Zak Crawley played some classy strokes en route to 44, and looked good for his second half-century of the Test before he too drove on the up against Neser, with the same result. It was mind-numbing stuff.

The Gabbatoir closed in, and Australia pounced. Root edged a loose drive on 15 at Starc, his demise delayed only by umpire Holdstock’s failure to spot the edge.

And Australia were again grateful for the technology when Harry Brook, the ball after being wrongly given out caught behind, edged a defensive push at Boland. Umpire Saikat said not out, the technology begged to differ.

When Jamie Smith’s miserable tour continued with another edge off Starc, England had lost five for 38. It was a horror show, made worse for the suspicion that the lessons of Perth had either been forgotten or not learned in the first place.

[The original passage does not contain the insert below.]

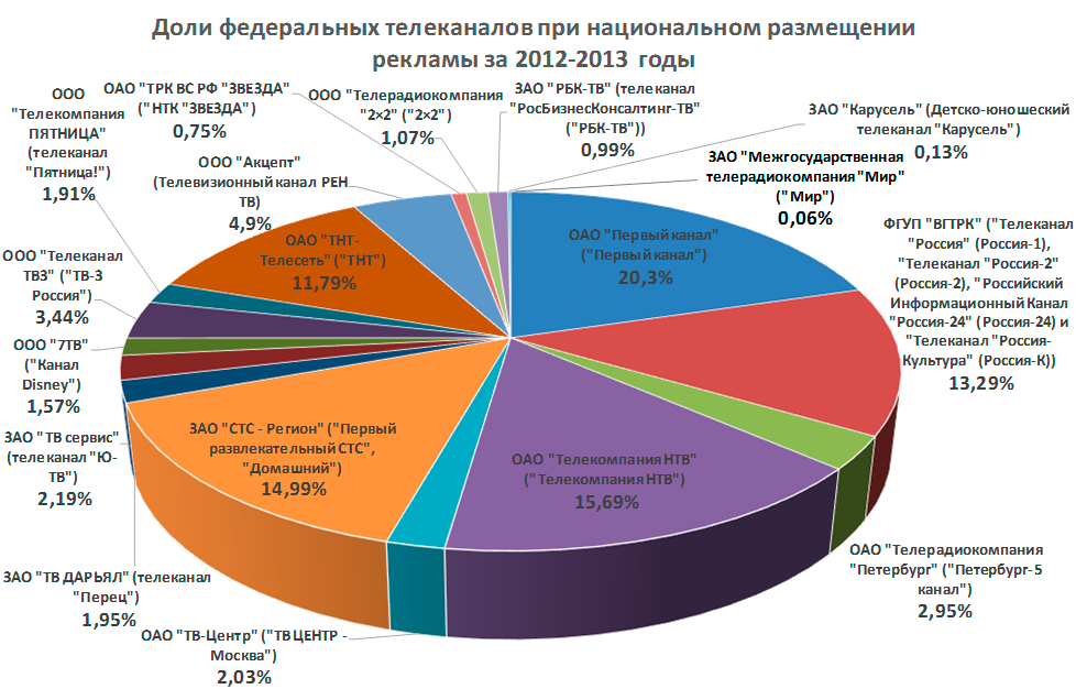ФАС России уточнила перечень федеральных телеканалов и рассчитала их доли при национальном и региональном размещении рекламы за 2012-2013 годы

As much as anything, the third day highlighted a twist that seemed unlikely when England’s fast bowlers were blowing Australia away for 132 in the first Test.

Whereas Stokes and Brendon McCullum have put all their eggs in the basket marked ‘pace’, Australia had wicketkeeper Alex Carey standing up to Neser, who only had to land the ball on a length at 82mph and await England’s self-destruction.

One by one, by contrast, England’s fast bowlers have fallen away. Mark Wood bowled 11 wicketless overs at Perth before injuring his left knee, while Jofra Archer’s three wickets have cost 47 each. But while he has not been helped by dropped catches, Gus Atkinson finished the day with one wicket in the series at a cost of 199.

Brydon Carse has been handed the unenviable role of battering ram, and gone at 5.39 an over even while taking nine wickets, while Stokes’s eight at 19 are partially offset by his profligacy.

The Bazball project is hanging by a thread. At some point over the next few weeks, it seems likely that thread will be cut altogether.